The implications of this work extend to various sectors reliant on lithium ion battery packs, including automotive, aerospace, and renewable energy. By reducing equalization time, the system allows for faster charging cycles and better utilization of battery capacity. Moreover, the hybrid design balances cost and performance, making it suitable for mass production. Future directions include hardware implementation and testing under real-world conditions, as well as integration with cloud-based BMS for predictive maintenance. Ultimately, advancing equalization strategies is key to unlocking the full potential of lithium ion battery packs in the transition to sustainable energy systems.

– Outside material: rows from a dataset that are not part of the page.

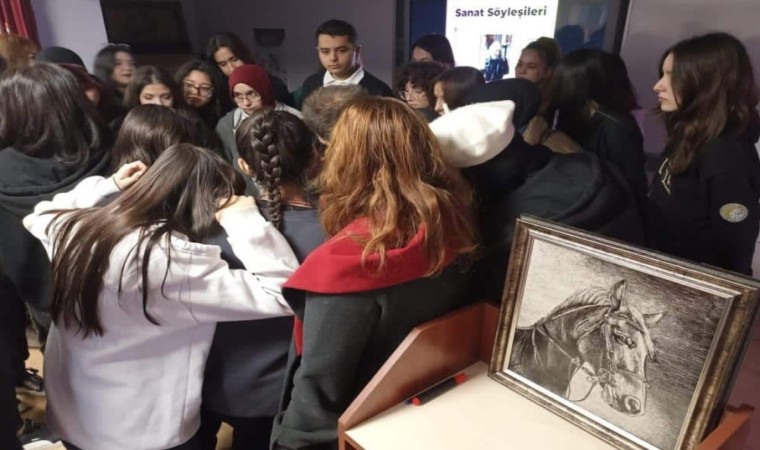 Tunca’nın söyleşisi sonrası öğrencilerle birlikte küçük bir çalışma yaparak sigrafitto sanatının yapılışını tanıttı.
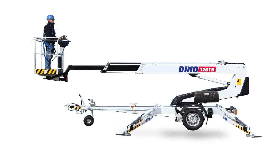 DINO 120 TB är en lätt och stabil släpvagnsmonterad teleskoplift, konstruerad för arbete både inomhus och utomhus. Liften erbjuder en maximal arbetshöjd på 12,0 meter, en plattformshöjd på 10,0 meter samt en horisontell räckvidd på 7,9 meter. Bommen har obegränsad rotation, vilket gör det enkelt att positionera liften från olika riktningar utan att behöva flytta hela enheten.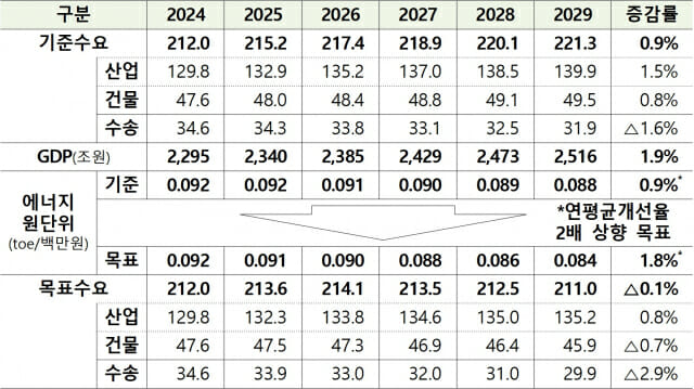 에너지원단위는 지난해 0.092toe/백만원에서 2029년 0.084toe/백만원으로 낮춘다는 방침이다.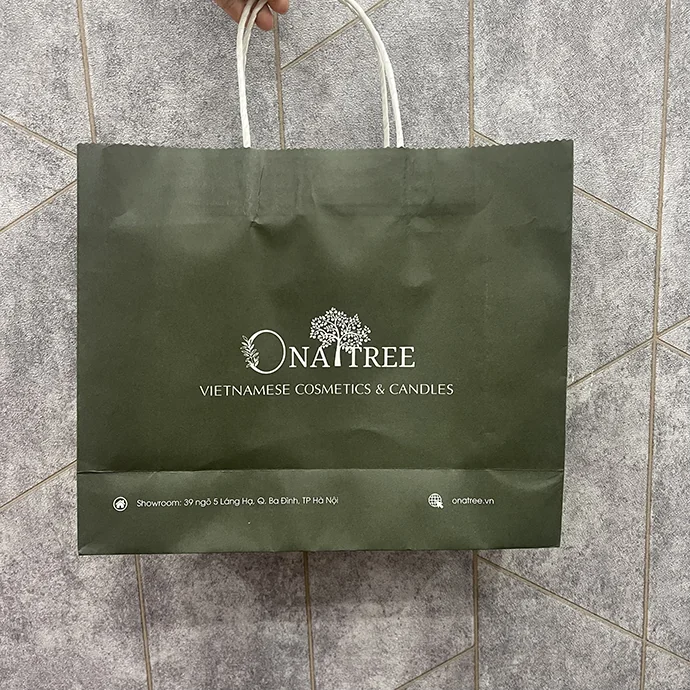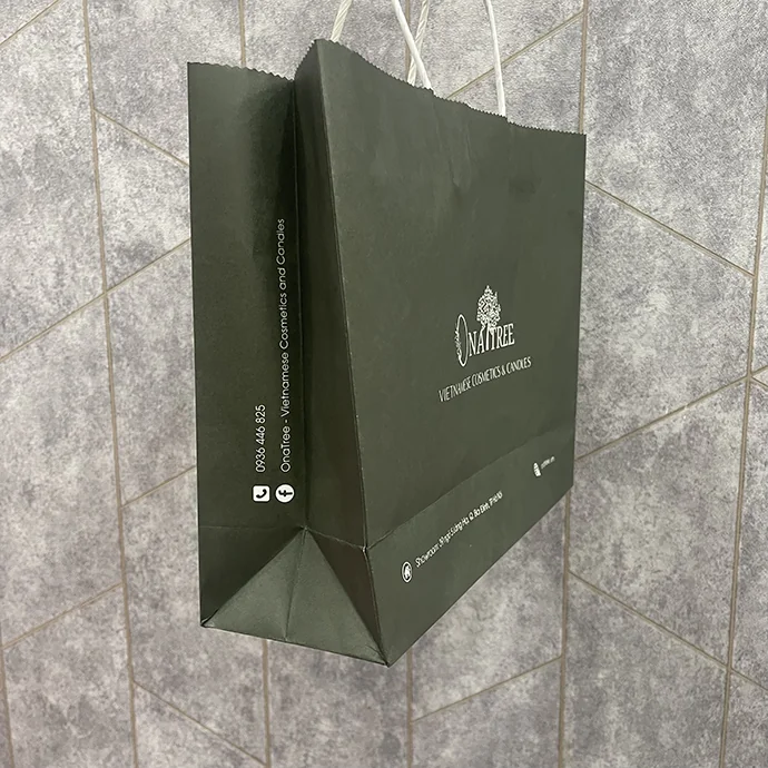 Túi giấy kraft đen mang đến cảm giác sang trọng, đẳng cấp và hiện đại. Được làm từ giấy kraft cao cấp, túi có độ bền cao, chịu lực tốt, phù hợp để đựng mỹ phẩm, nước hoa, phụ kiện, quà tặng… Với tông màu đen huyền bí, logo thương hiệu sẽ nổi bật hơn bao giờ hết.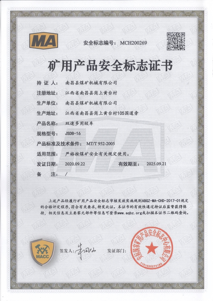 - 最小鋼絲繩破斷拉力總和:1670MPa

Throughout this paper, the focus has been on the lithium ion battery as the core energy storage element. The methodologies discussed are specifically tailored to address its unique characteristics, such as voltage profiles and degradation mechanisms. By leveraging intelligent control and hybrid topologies, we can overcome the challenges of cell inconsistency, paving the way for more robust and efficient lithium ion battery pack deployments worldwide.